“Eat a live frog first thing in the morning and nothing worse will happen to you the rest of the day.” Mark Twain
I am trying so hard to get motivated, but it’s a struggle. I know it’s at least a little related to depression because it is improving; it’s still just so hard. I would prefer to be one with the couch even though I know it’s the least healthy choice I can make. Instead, I have been trying to just keep moving as much as possible, and I have attempted to follow Mr. Twain’s sage advice.
Frogs for breakfast are delicious.
Actually, no part of that is delicious. Or fun. But it’s adulting in the face of an overwhelming desire not to, which is a win against depression brain. I’ve been trying to “eat a frog” or tackle the thing I want to do least in any given day first so that I get it over and done with. I’m not succeeding every day, but I have managed to complete multiple tasks that had previously been sitting for several months.
I’m back at the keyboard more regularly, so hopefully that will mean regularity on the blog. I’d like to promise you that I’m back for good on a regular schedule, but I won’t. I can’t. I don’t know when something will take me out at the knees and knock me silent again. I tend to drop everything but survival mode when I’m overwhelmed, and, even though it was lovely, that’s where I was over the holidays.

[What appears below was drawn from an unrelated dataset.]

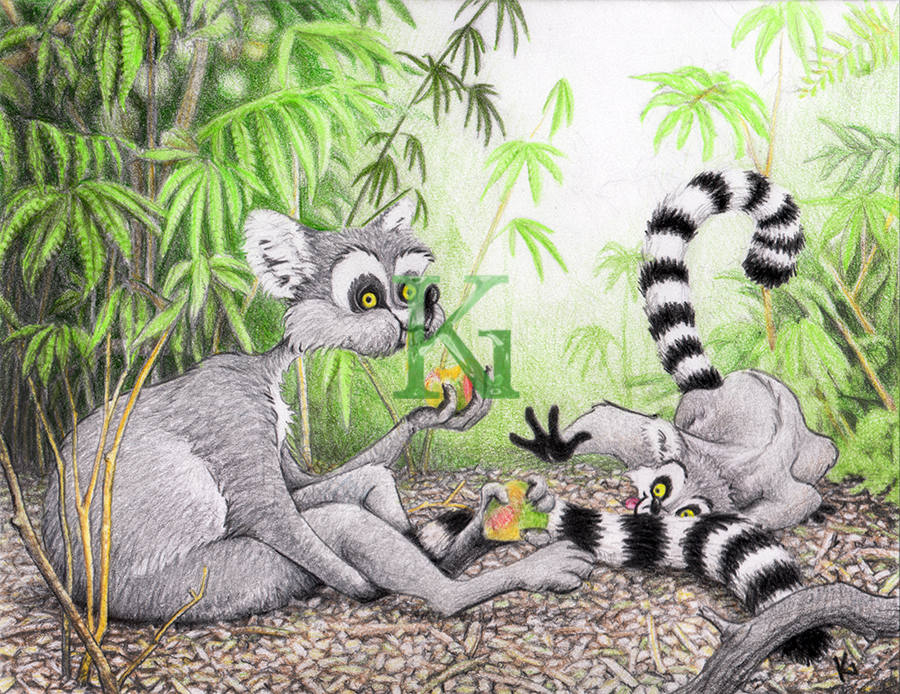 Original hand-drawn graphite-pencil and pencil crayon "Lemurs" illustration by Kerie Green, reprinted here on high-quality card stock (10.8 cm x 13.9 cm). Suitable for any occasion - no inscription within card. Each card comes with its own envelope.

I do have some plans mapped out for Mabbat, and I know God keeps telling me to write. My goal for the year is to be faithful to be more disciplined at my writing so that God can use that work for his glory. In fact, “disciplined” was the word I chose for the year, so I guess “Eat a frog,” will be my mantra.
What do you do when you need motivation? What’s the best advice you have to offer from your personal experience for someone struggling like me to get moving?